= André Maublanc =

French mycologist and plant pathologist

André Pierre Jules Maublanc (24 July 1880, in Nantes – 30 April 1958, in Paris) was a French mycologist and plant pathologist.

Beginning in 1902, he worked as a préparateur at the Station de Pathologie végétale in Paris. In 1912, he traveled to Brazil, where he was responsible for organizing the plant pathology laboratory at the National Museum in Rio de Janeiro. In 1921, he was named head (chef de travaux) of botany and plant pathology at the Institut nationale agronomique.

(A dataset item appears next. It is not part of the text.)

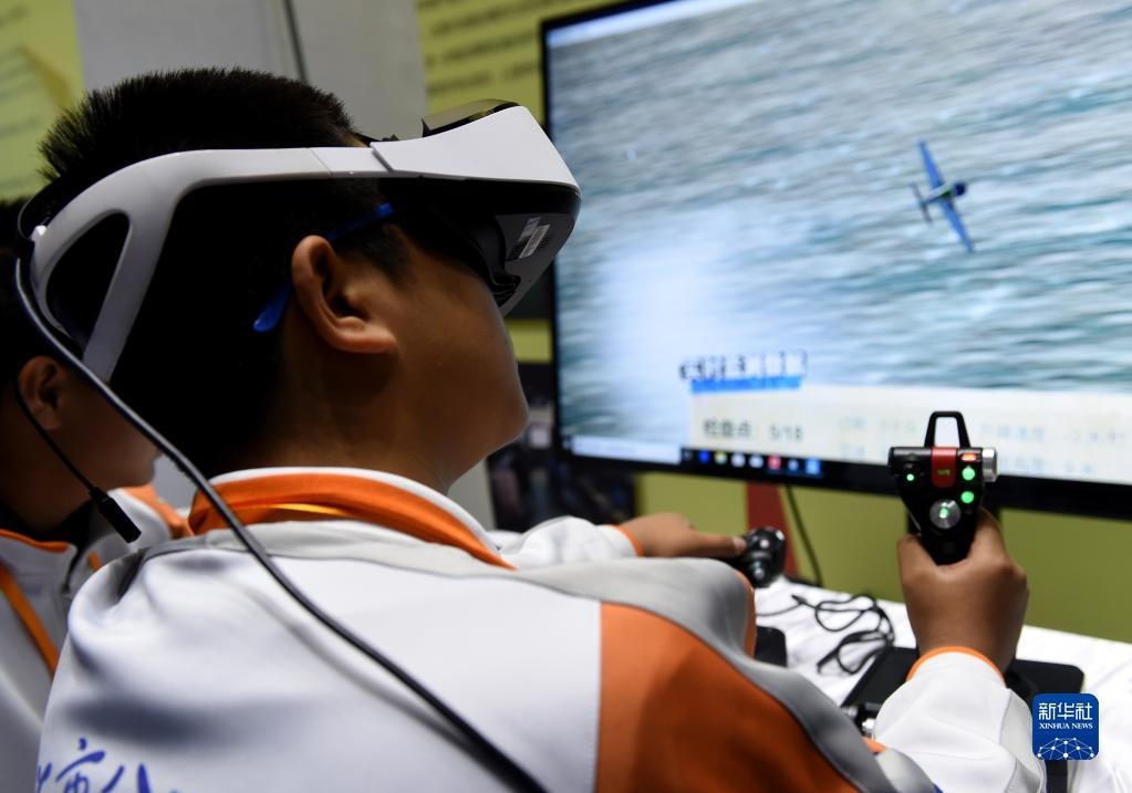 北京市八一學(xué)校的學(xué)生在北京市中小學(xué)生特色科技活動(dòng)展示上體驗(yàn)VR技術(shù)(2018年11月24日攝)。新華社記者 羅曉光 攝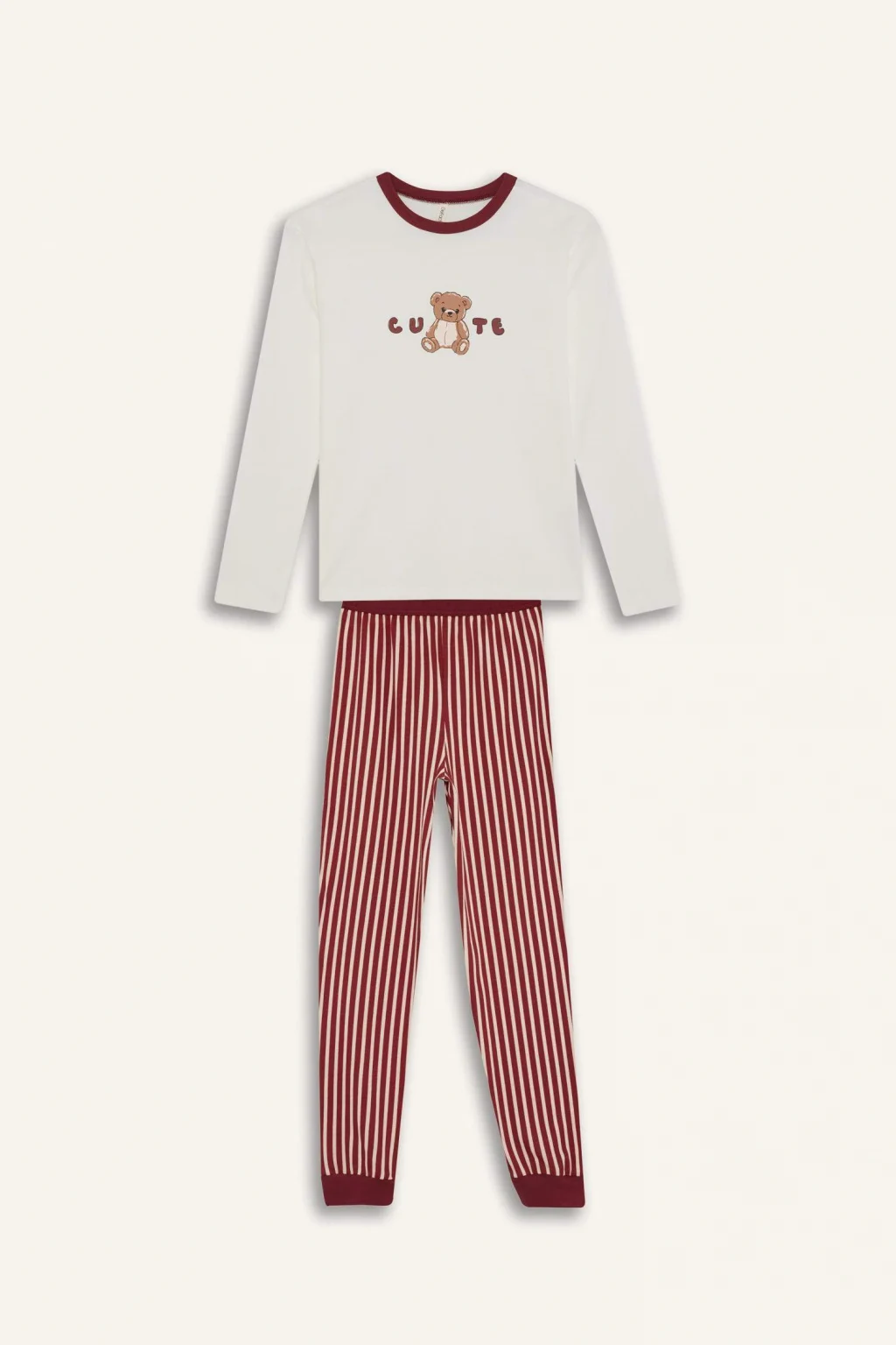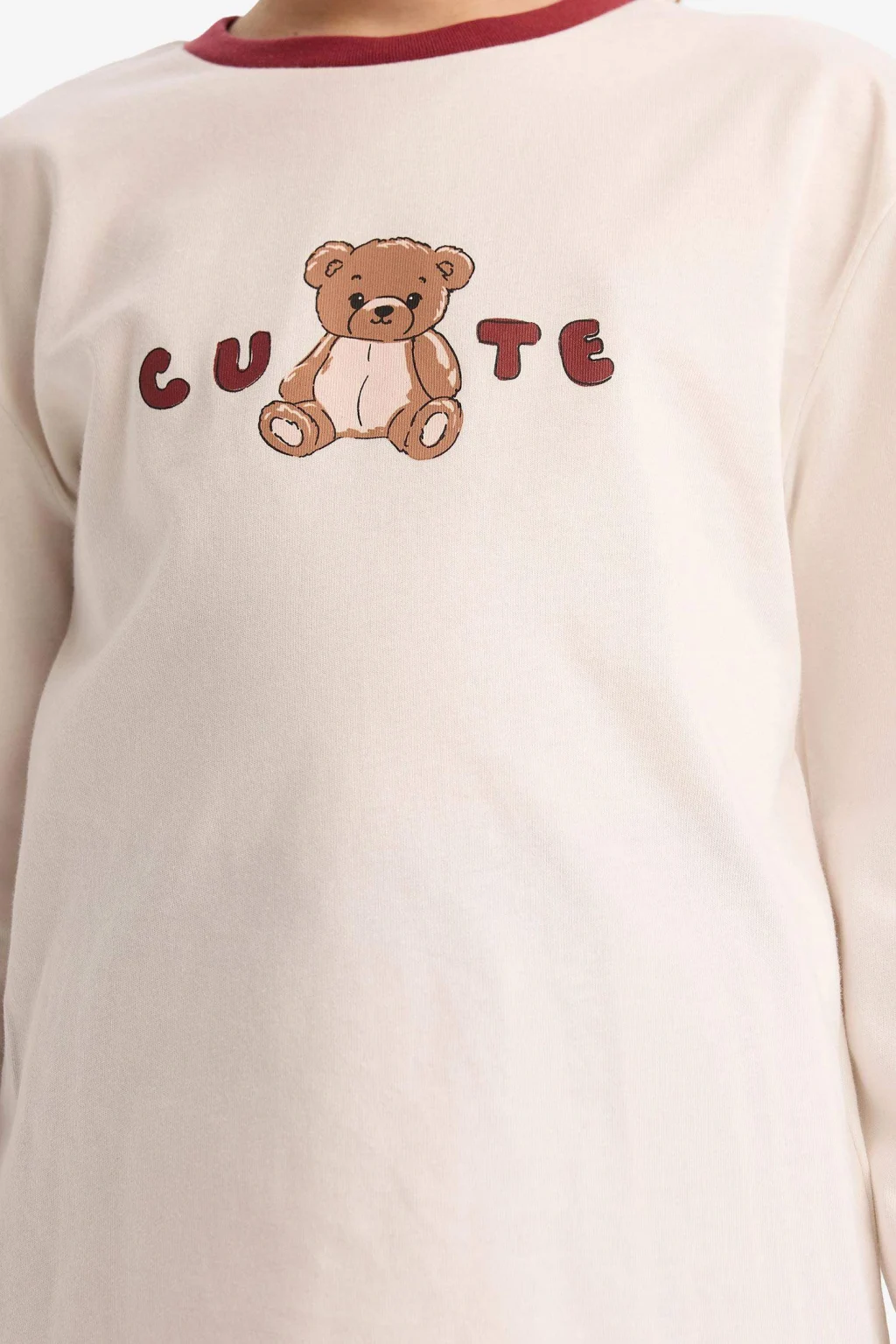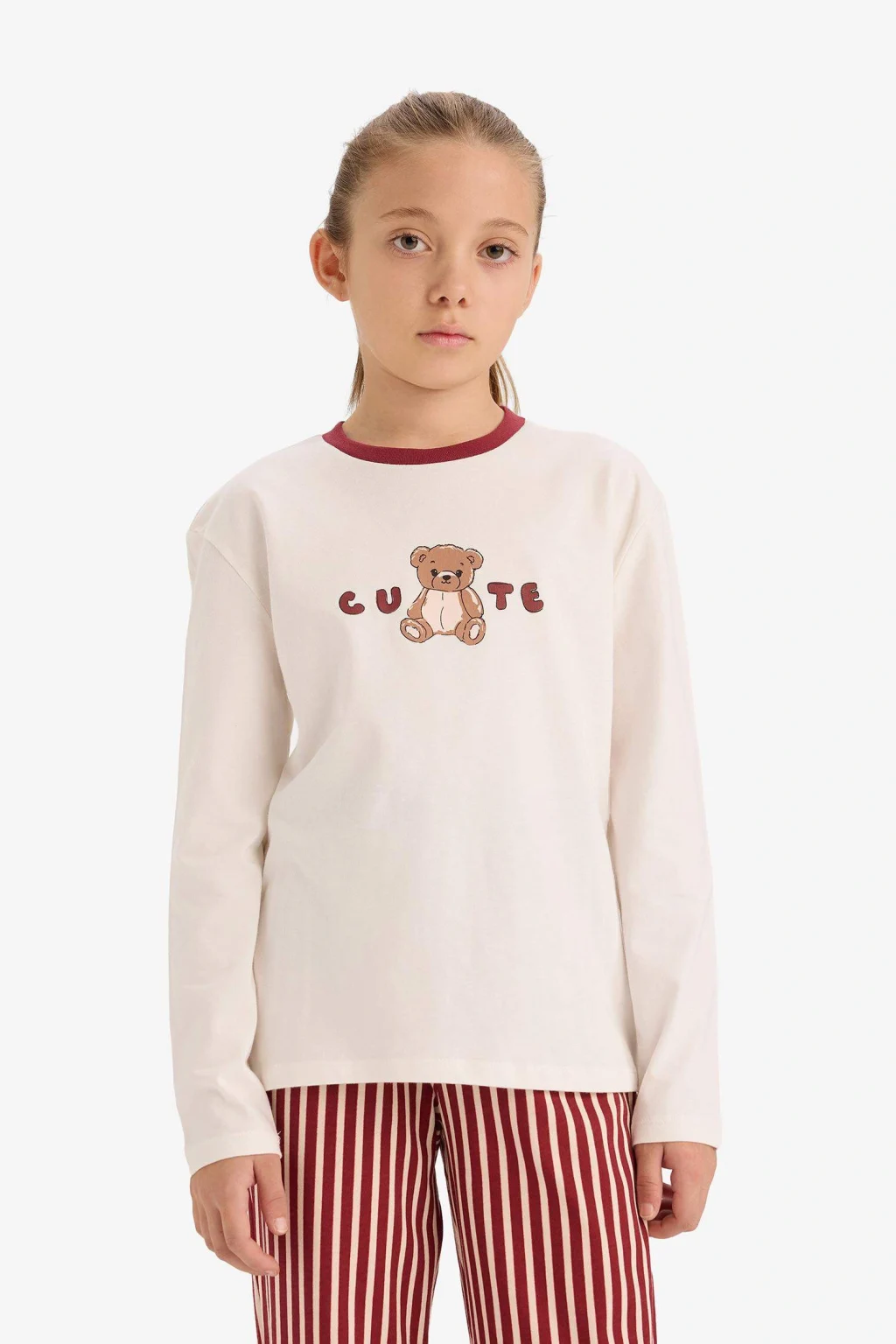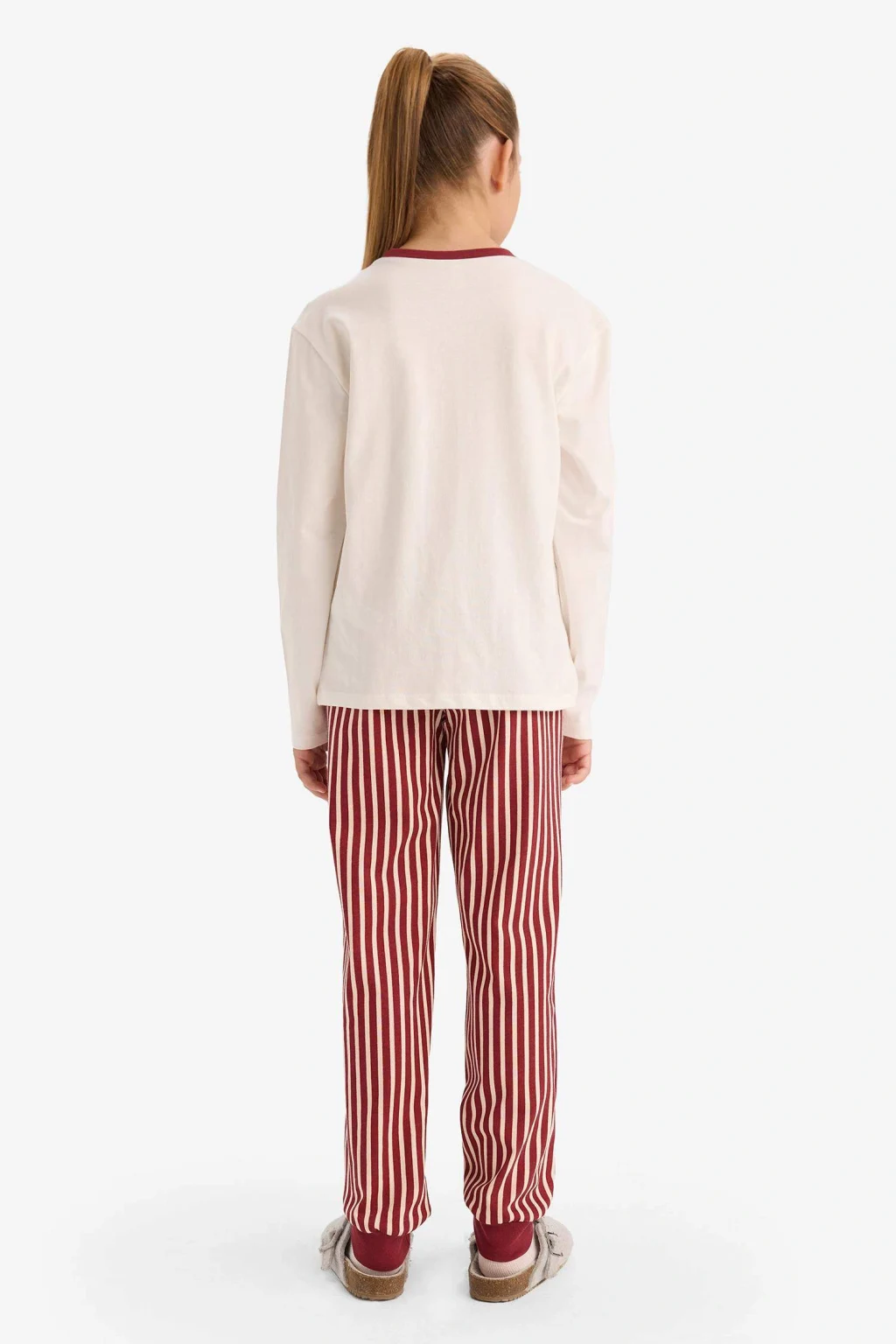 Kız Çocuk Pijama Takımı, baskılı uzun kollu üstü ve çizgili uzun altıyla hem sevimli hem de rahat bir uyku deneyimi sunar. Yumuşak kumaşı sayesinde gece boyu konfor sağlar.

From 1909 he served as general secretary of the Société mycologique de France, and in 1945 was named president of the Société botanique de France. The mycological genera Maublancia (G.Arnaud, 1918) and Maublancomyces (Herter, 1950) commemorate his name.

== Selected works ==
- Maladies des plantes cultivées; with Georges Delacroix (2 volumes, 1908–09) - Diseases of cultivated plants.
  - I, Maladies non parasitaires (non-parasitic diseases), by Delacroix.
  - II, Maladies parasitaires (parasitic diseases), by Delacroix and Maublanc.
- Les champignons comestibles et vénéneux, (1921, 6th edition 1971) - Edible and poisonous mushrooms.
- Icones selectae fungorum; with Paul Konrad (6 parts, 1924–37).
- Les Agaricales classification, revision des especes, iconographie, comestibilite; with Paul Konrad (1948) - Classification of Agaricales; revision of species, iconography and edibility.